GIVEN INFORMATION below:

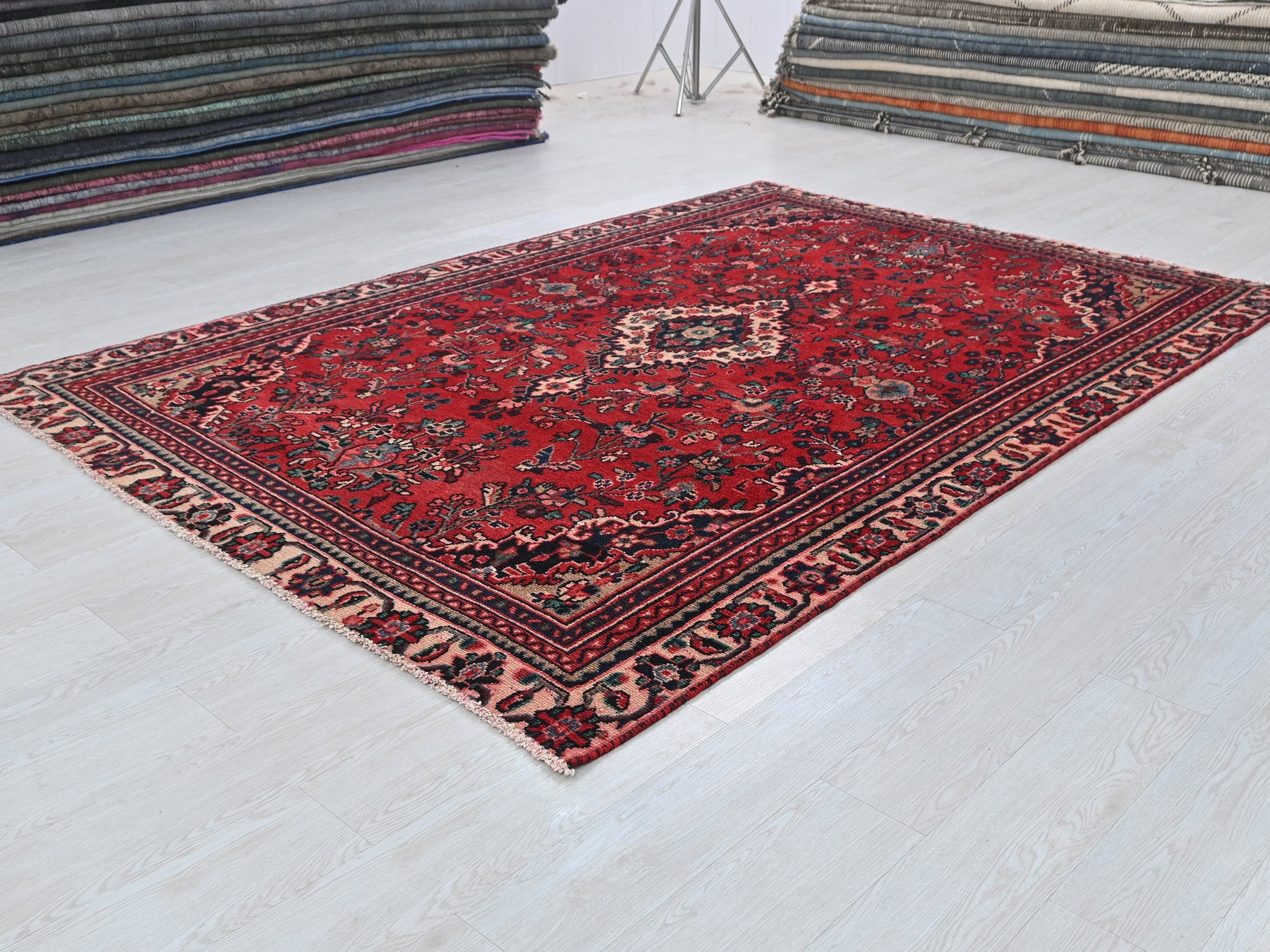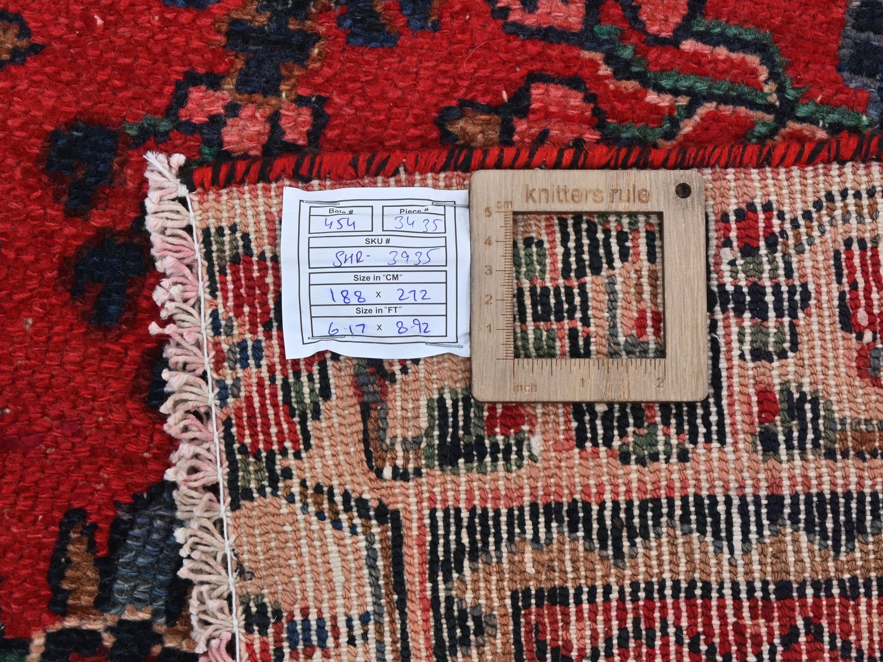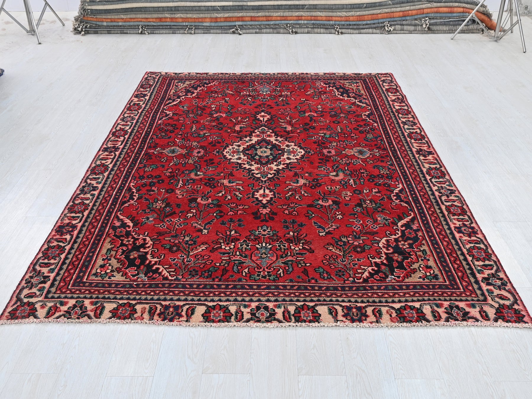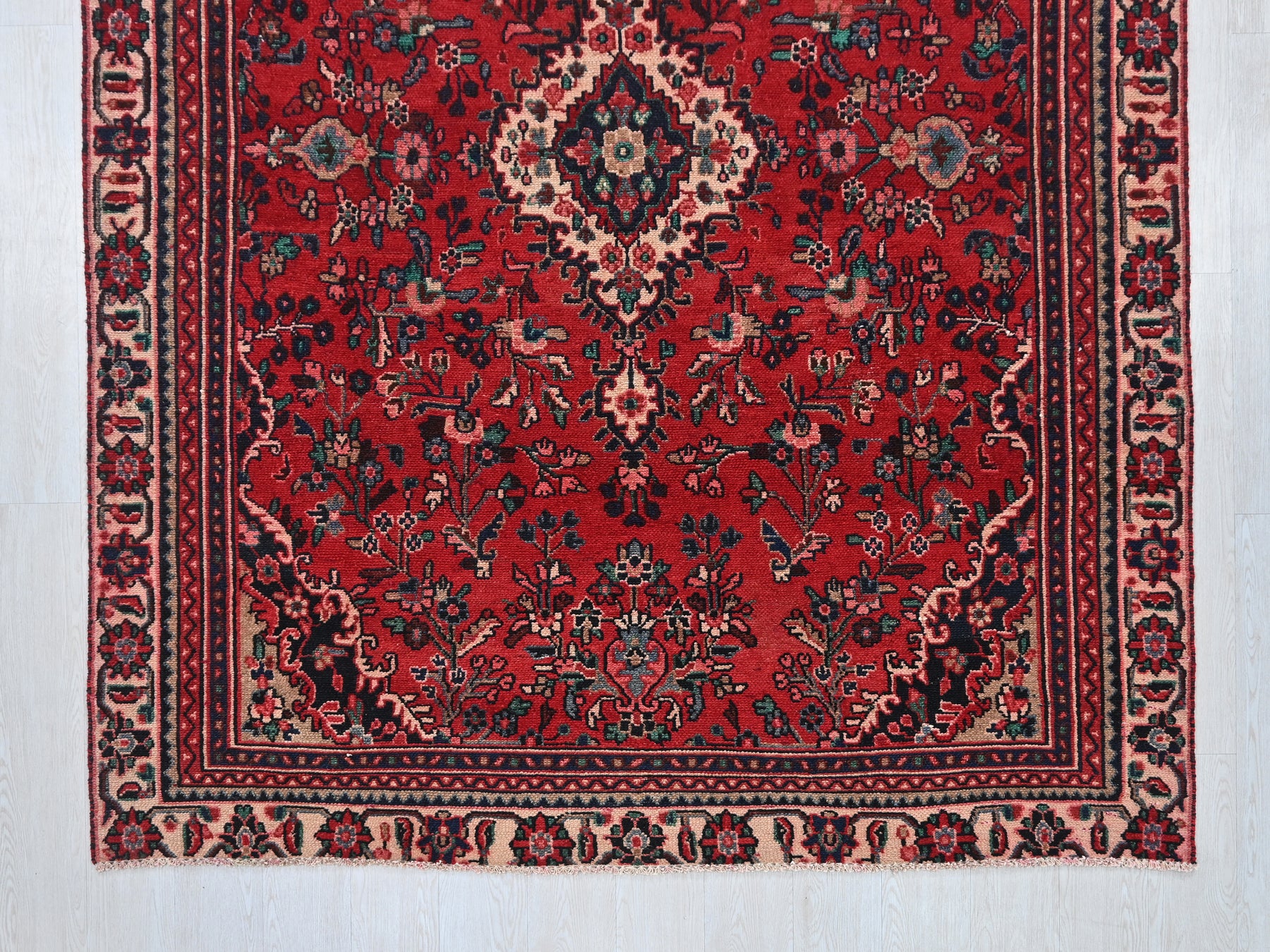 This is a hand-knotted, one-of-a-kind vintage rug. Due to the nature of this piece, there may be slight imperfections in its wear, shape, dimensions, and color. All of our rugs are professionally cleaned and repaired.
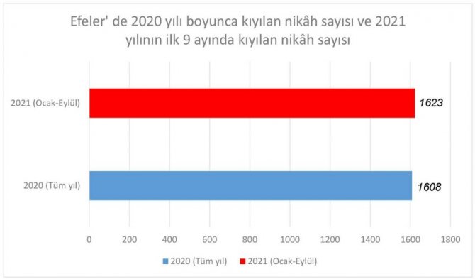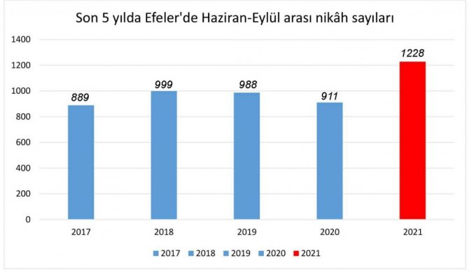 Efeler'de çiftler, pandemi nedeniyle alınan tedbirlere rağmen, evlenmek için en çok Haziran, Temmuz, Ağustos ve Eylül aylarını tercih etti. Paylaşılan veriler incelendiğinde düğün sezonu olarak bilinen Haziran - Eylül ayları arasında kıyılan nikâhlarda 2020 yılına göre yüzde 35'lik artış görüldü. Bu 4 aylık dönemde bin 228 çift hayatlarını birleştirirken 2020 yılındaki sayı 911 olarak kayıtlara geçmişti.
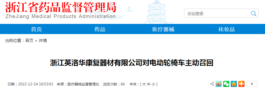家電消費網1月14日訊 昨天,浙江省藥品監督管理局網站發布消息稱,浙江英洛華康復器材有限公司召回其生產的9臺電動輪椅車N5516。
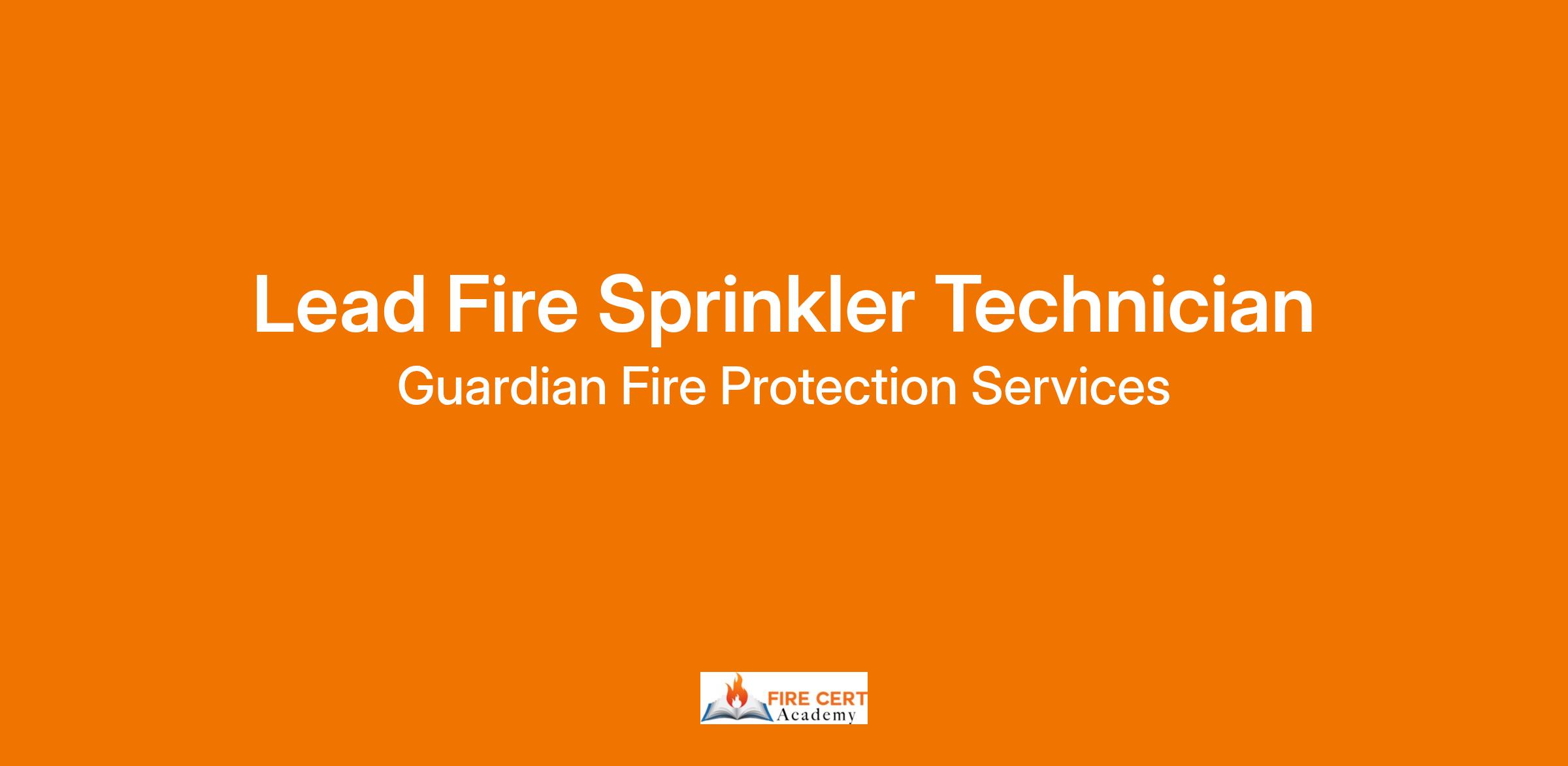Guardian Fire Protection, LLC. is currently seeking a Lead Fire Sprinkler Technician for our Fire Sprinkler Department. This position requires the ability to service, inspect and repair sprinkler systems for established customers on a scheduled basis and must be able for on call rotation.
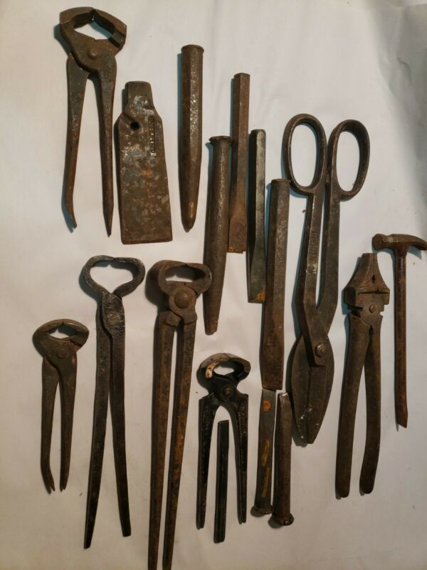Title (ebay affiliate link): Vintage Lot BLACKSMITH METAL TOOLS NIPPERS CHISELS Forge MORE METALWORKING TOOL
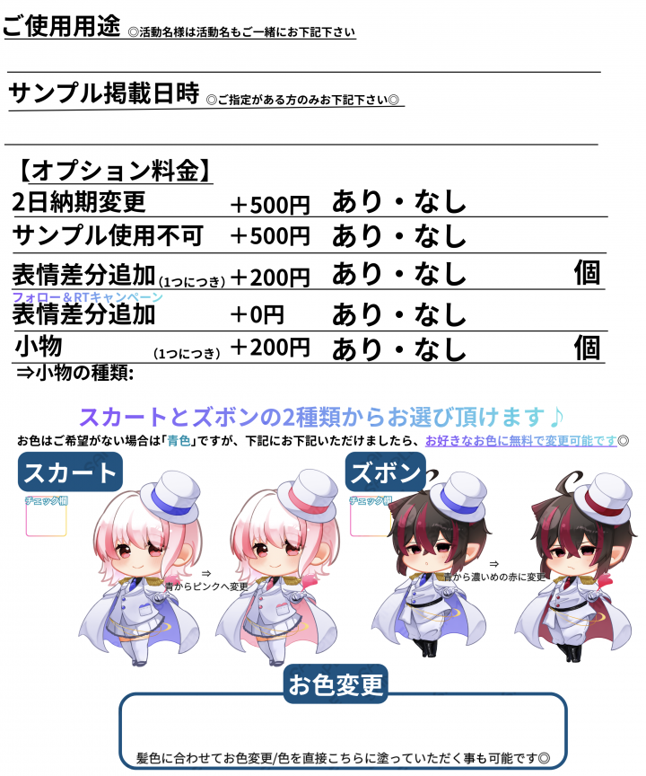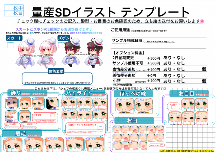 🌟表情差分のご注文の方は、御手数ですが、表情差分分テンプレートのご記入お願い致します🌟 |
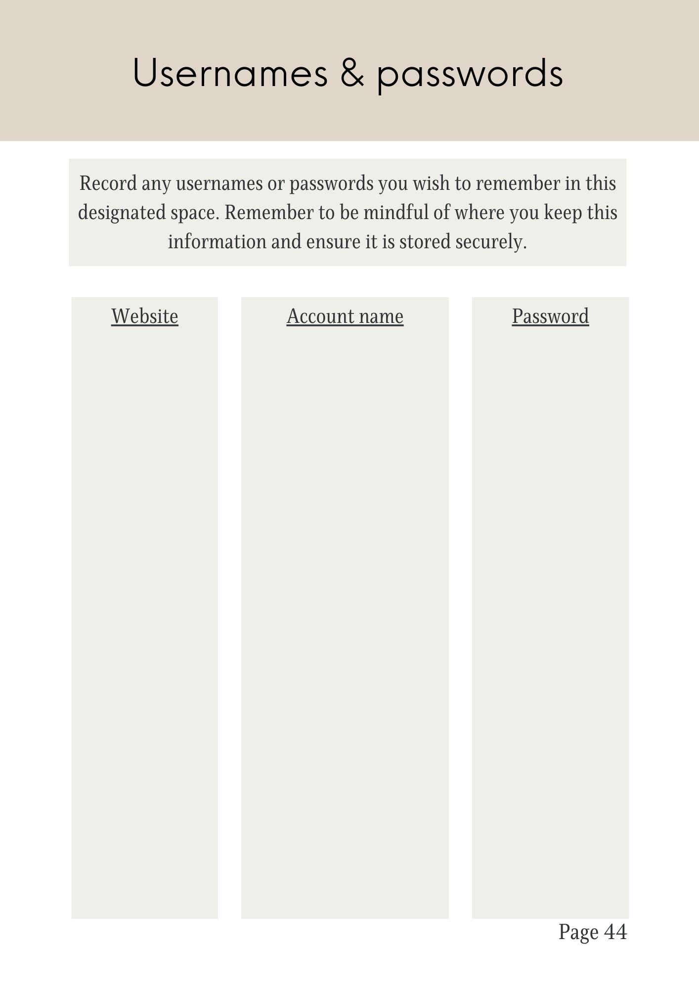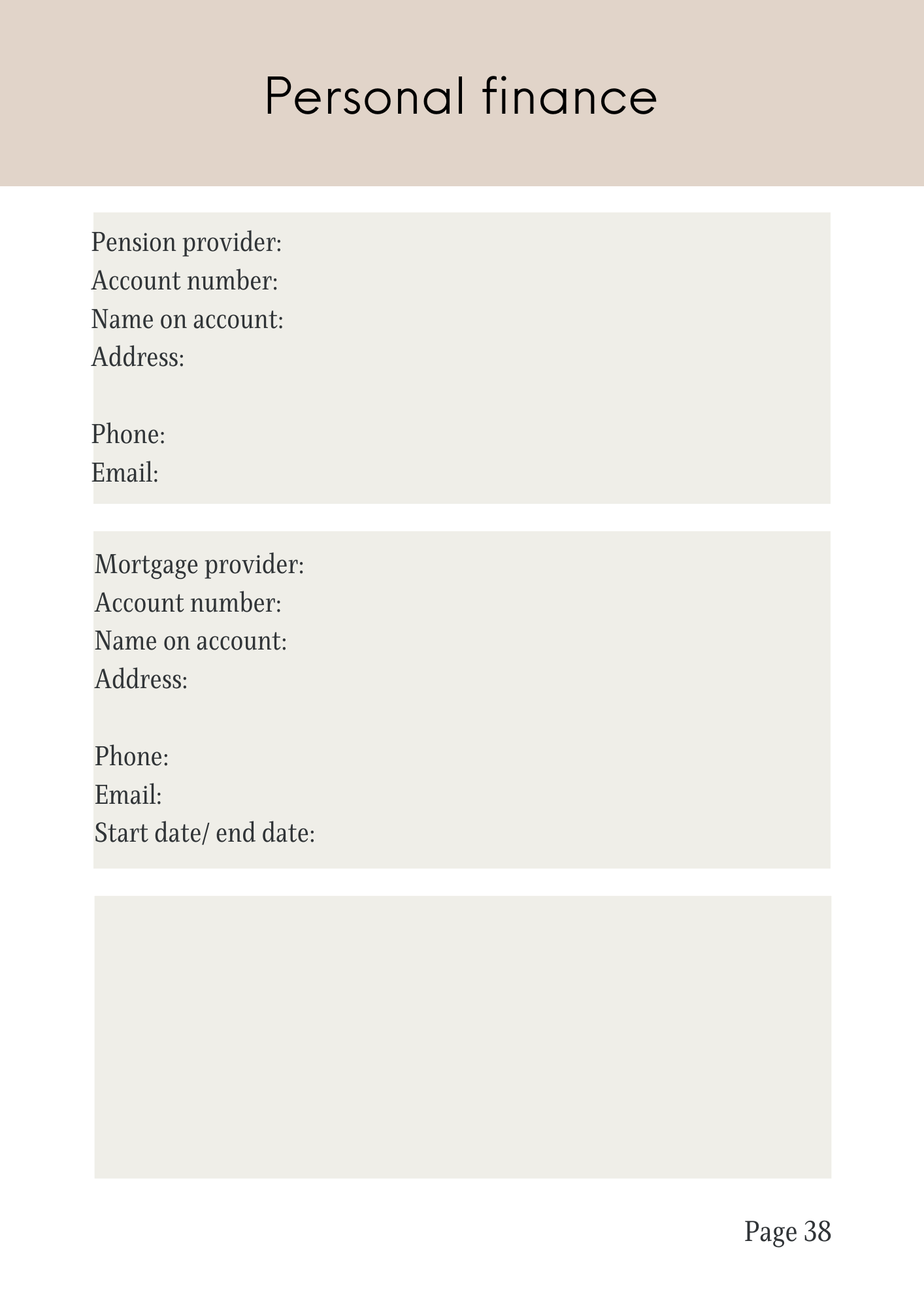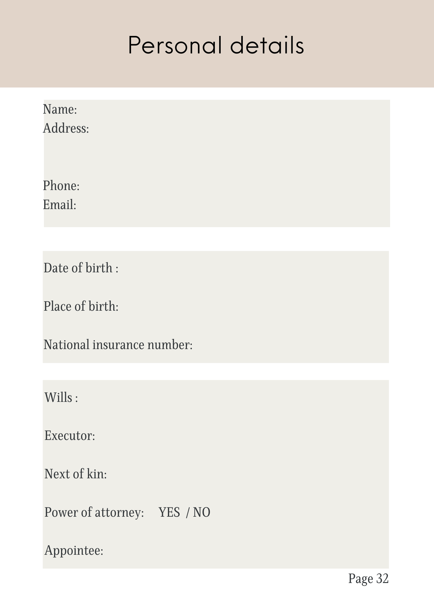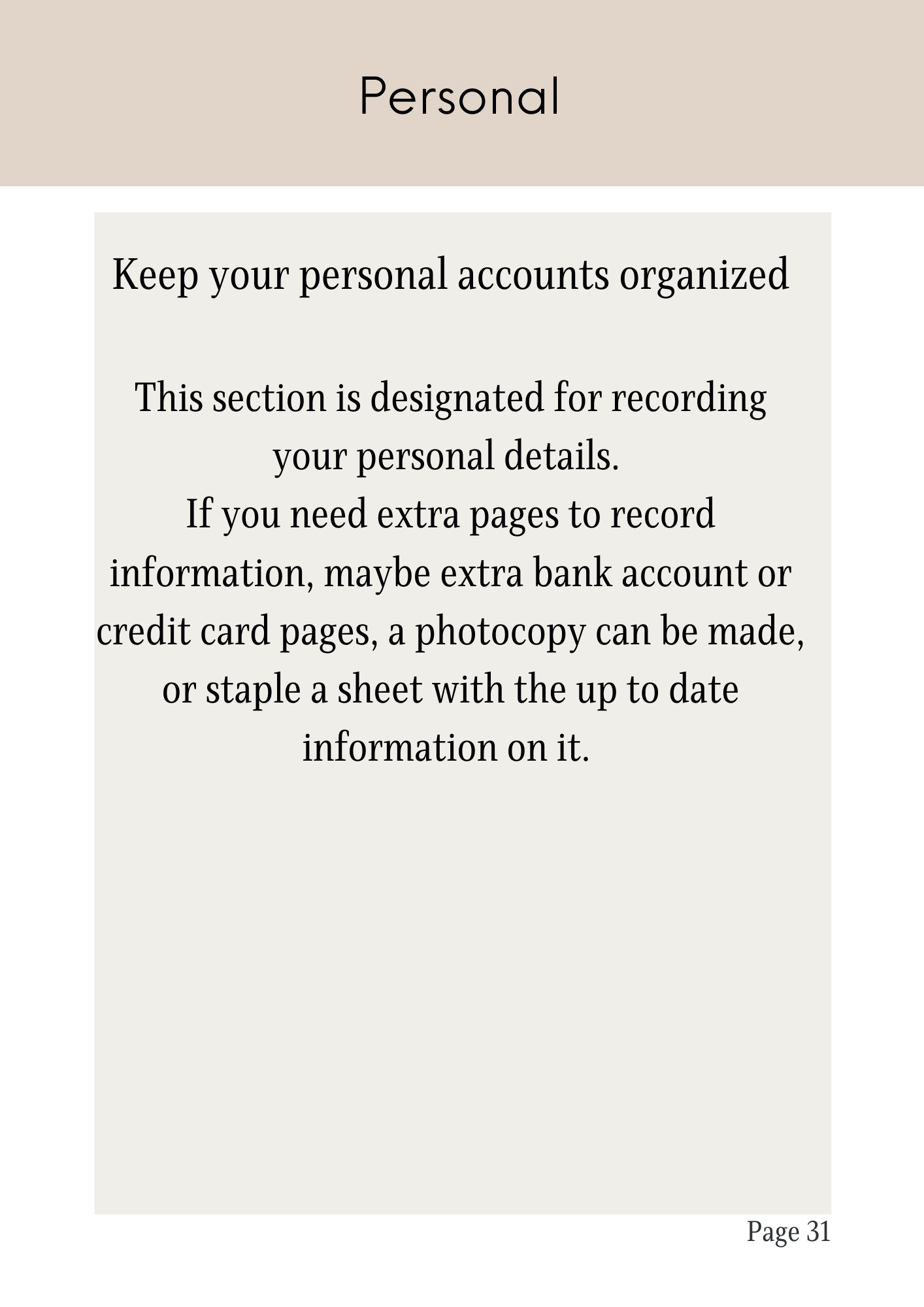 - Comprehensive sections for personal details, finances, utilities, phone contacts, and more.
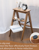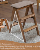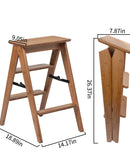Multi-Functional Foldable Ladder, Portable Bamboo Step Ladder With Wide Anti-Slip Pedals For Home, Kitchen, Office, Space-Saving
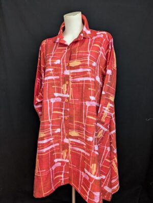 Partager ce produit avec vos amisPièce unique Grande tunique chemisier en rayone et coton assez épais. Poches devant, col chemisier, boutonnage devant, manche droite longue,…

End of GIVEN INFORMATION.

TASK ITEM
In the data above, please extract the lines from the first one through the line with "Guardian Fire Protection, LLC.", exactly, and keep pictures out.

SOLVED PROBLEM
 This is a hand-knotted, one-of-a-kind vintage rug. Due to the nature of this piece, there may be slight imperfections in its wear, shape, dimensions, and color. All of our rugs are professionally cleaned and repaired.
 Efeler'de çiftler, pandemi nedeniyle alınan tedbirlere rağmen, evlenmek için en çok Haziran, Temmuz, Ağustos ve Eylül aylarını tercih etti. Paylaşılan veriler incelendiğinde düğün sezonu olarak bilinen Haziran - Eylül ayları arasında kıyılan nikâhlarda 2020 yılına göre yüzde 35'lik artış görüldü. Bu 4 aylık dönemde bin 228 çift hayatlarını birleştirirken 2020 yılındaki sayı 911 olarak kayıtlara geçmişti.
家電消費網1月14日訊 昨天,浙江省藥品監督管理局網站發布消息稱,浙江英洛華康復器材有限公司召回其生產的9臺電動輪椅車N5516。
Guardian Fire Protection, LLC. is currently seeking a Lead Fire Sprinkler Technician for our Fire Sprinkler Department. This position requires the ability to service, inspect and repair sprinkler systems for established customers on a scheduled basis and must be able for on call rotation.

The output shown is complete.